As filed with the Securities and Exchange Commission on February 15, 2023

Registration No. 333-            

 

 

 

UNITED STATES

SECURITIES AND EXCHANGE COMMISSION

Washington, D.C. 20549

 

 

Form S-8

REGISTRATION STATEMENT

UNDER

THE SECURITIES ACT OF 1933

 

 

Linde plc

(Exact name of registrant as specified in its charter)

 

 

 

Ireland   98-1448883

(State or other jurisdiction of

incorporation or organization)

 

(I.R.S. Employer

Identification Number)

 

10 Riverview Dr.

Danbury, Connecticut

United States 06810

 

Forge

43 Church Street West

Woking, Surrey GU21 6HT

United Kingdom

+44 1483 242200

(Address, including zip code, and telephone number, including area code, of registrant’s principal executive offices)

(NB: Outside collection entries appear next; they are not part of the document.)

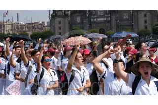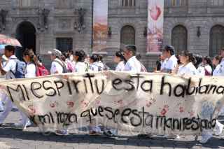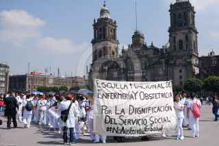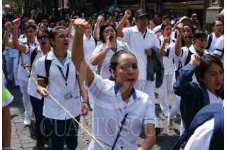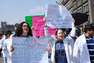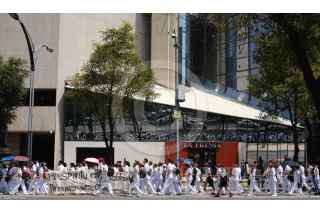 CIUDAD DE MÉXICO, 01AGOSTO2019.- Estudiantes que realizan su Servicio Social en Medicina de la UNAM, el IPN y de la Escuela Nacional de Enfermería y Obstetricia marcharon de Palacio Nacional hacia la Secretaria de Salud para exigir el pago de becas, mejores condiciones en los Centros de Salud y el recorte de presupuesto hacia los pasantes de Medicina. FOTO: GRACIELA LÓPEZ /CUARTOSCURO.COM
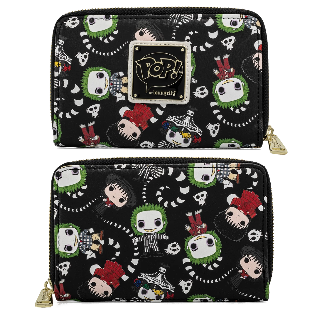 Donβt be anxious. The new Funko Pop! by Loungefly Beetlejuice Zip Around Wallet is here in time for scaring season. This patternβs all over print features Funko Pop! versions of Beetlejuice in various outfits among motifs of sandworms and skulls. This wallet is βloudβ and attention catching design making it an appealing accessory for pairing with Halloween themed outfits.
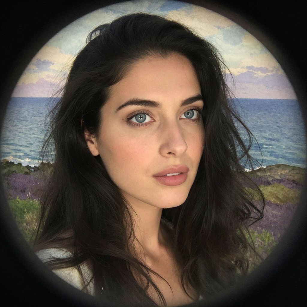 A photorealistic portrait presents a Mediterranean woman with deep indigo eyes and cascading raven hair, her expression serene yet enigmatic as she pensively gazes towards the horizon. Captured from an unusual aerial perspective akin to viewing through a vintage microscope lens, every strand of her luxurious locks and delicate facial contours are emphasized. Set against a dreamlike backdrop of interweaving watercolor patterns reminiscent of impressionist paintings, her skin radiates a warm glow, seamlessly blending reality with artistic expression. This captivating tableau embodies introspection and enchantment, inviting viewers to delve into the depths of her mesmerizing presence.
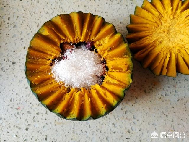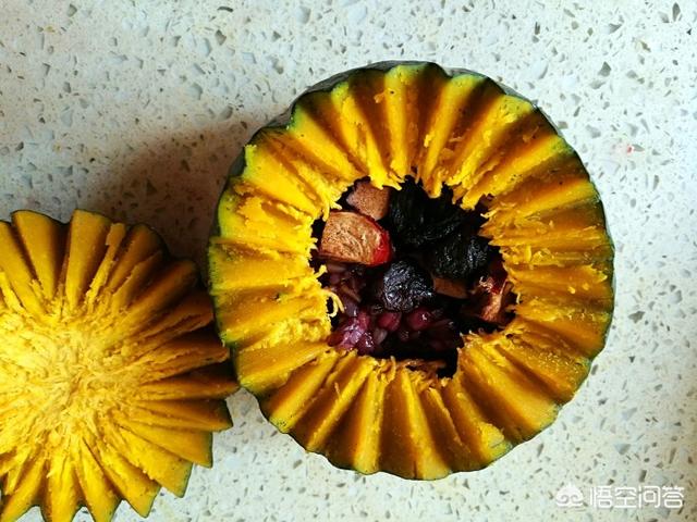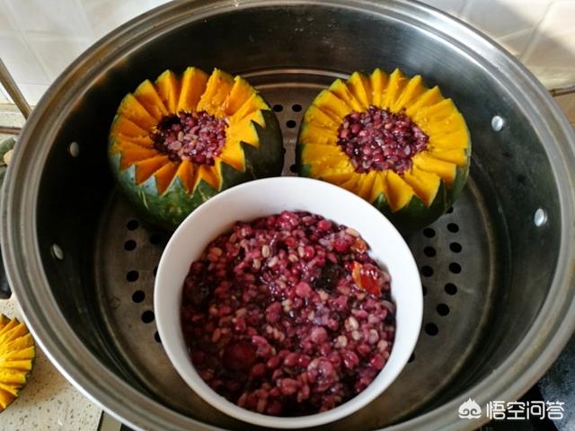【主料】小南瓜一个。【辅料】食用油10克、白糖8克、薏米5克、高梁米适量、人参籽量、红枣适量、龙眼干适量、燕麦适量、黑米适量。【做法】
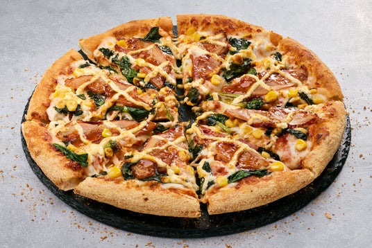 <炭火焼チキテリ>長年愛され続ける人気定番「炭火焼チキテリ」は、日本人の味覚に寄り添う甘辛いテリヤキチキンが主役。本みりんと数種類の糖類で仕立てたコク深いタレが、香ばしく焼き上げたチキンにしっかりと絡みます。フレッシュなほうれん草の彩りとドミノオリジナルのマヨソースが全体をまろやかにまとめ、最後のひと口まで安定した美味しさを実現させた一枚です。
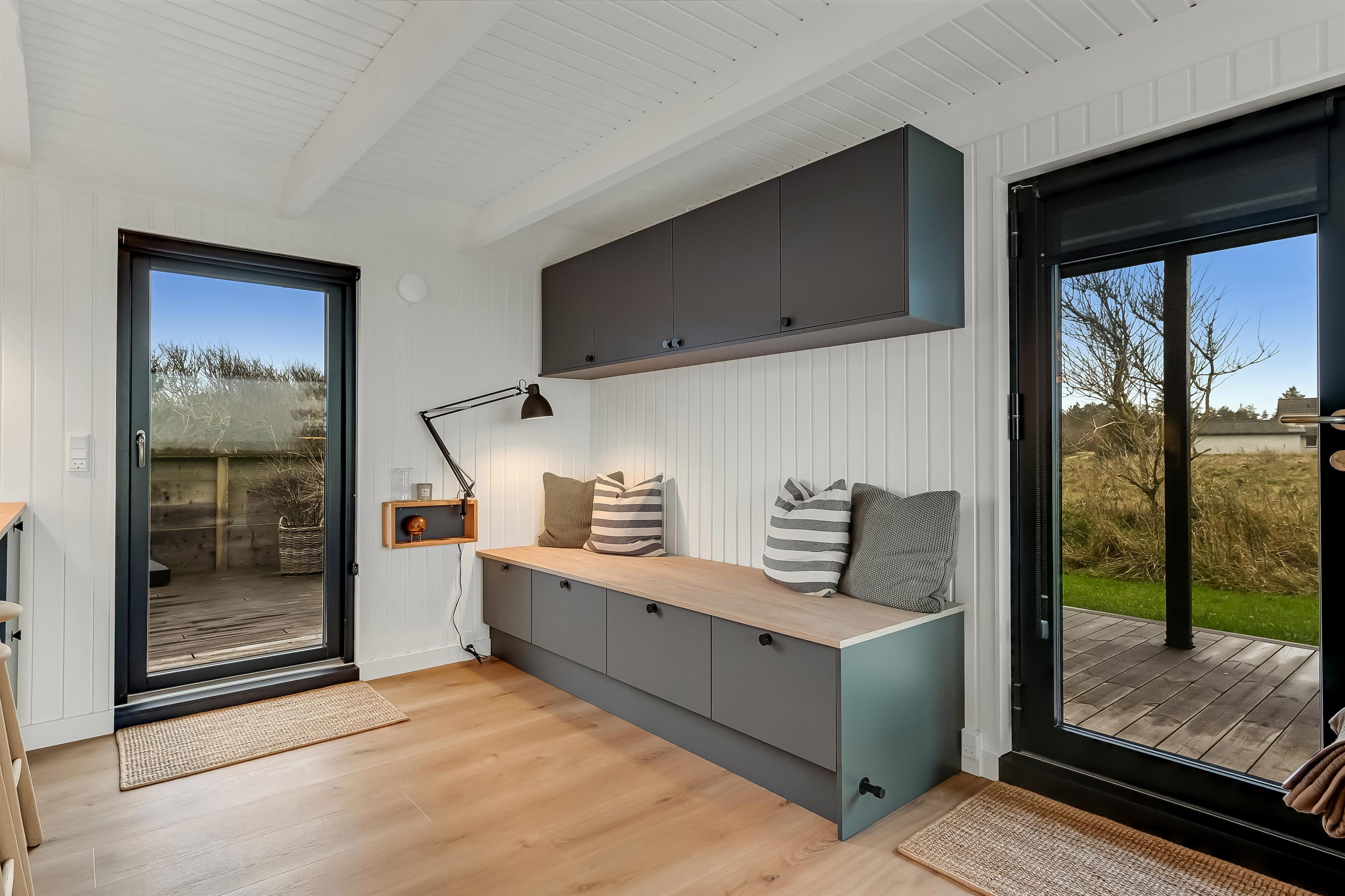 Huset fremstår overalt særdeles smagfuldt, moderne og harmonisk indrettet. Kvalitet og æstetik går hånd i hånd, og alle detaljer er nøje gennemtænkt for at skabe en afslappende og behagelig ramme for ferien. Specielt kan det bemærkes, at huset har et behageligt indeklima året rundt med gulvvarme i alle rum, som forsynes af en energieffektiv luft-til-vand-varmepumpe.

2021 Linde plc Long Term Incentive Plan

(Full Title of Plan)

Guillermo Bichara

Executive Vice President and Chief Legal Officer

Linde plc

43 Church Street West

Woking, Surrey GU21 6HT

United Kingdom

+44 1483 242200

(Name, address, and telephone number, including area code, of agent for service)

 

 

Indicate by check mark whether the registrant is a large accelerated filer, an accelerated filer, a non-accelerated filer, a smaller reporting company, or an emerging growth company. See the definitions of “large accelerated filer,” “accelerated filer,” and “smaller reporting company” and “emerging growth company” in Rule 12b-2 of the Securities Exchange Act of 1934, as amended:

 

Large accelerated filer      Accelerated filer  
Non-accelerated filer      Smaller reporting company  
     Emerging growth company  

If an emerging growth company, indicate by check mark if the registrant has elected not to use the extended transition period for complying with any new or revised financial accounting standards provided pursuant to Section 7(a)(2)(B) of the Securities Act.  ☐

 

 

 


EXPLANATORY NOTE

This registration statement on Form S-8 (this “Registration Statement”) is being filed by Linde plc (the “Registrant”), relating to 9,000,000 ordinary shares, nominal value €0.001 per share, of the Registrant issuable under the 2021 Linde plc Long Term Incentive Plan.

PART I

INFORMATION REQUIRED IN THE SECTION 10(a) PROSPECTUS

All information required by Part I to be contained in the Section 10(a) prospectus is omitted from this Registration Statement in accordance with Rule 428 under the Securities Act of 1933, as amended (the “Securities Act”) and the Note to Part I of Form S-8. The document(s) containing the information specified in Part I will be delivered to the participants in the plans covered by this Registration Statement as required by Rule 428(b) under the Securities Act. These documents and the documents incorporated herein by reference pursuant to Item 3 of Part II of this Registration Statement, taken together, constitute a prospectus that meets the requirements of Section 10(a) of the Securities Act.

PART II

INFORMATION REQUIRED IN THE REGISTRATION STATEMENT

Item 3. Incorporation of Documents by Reference.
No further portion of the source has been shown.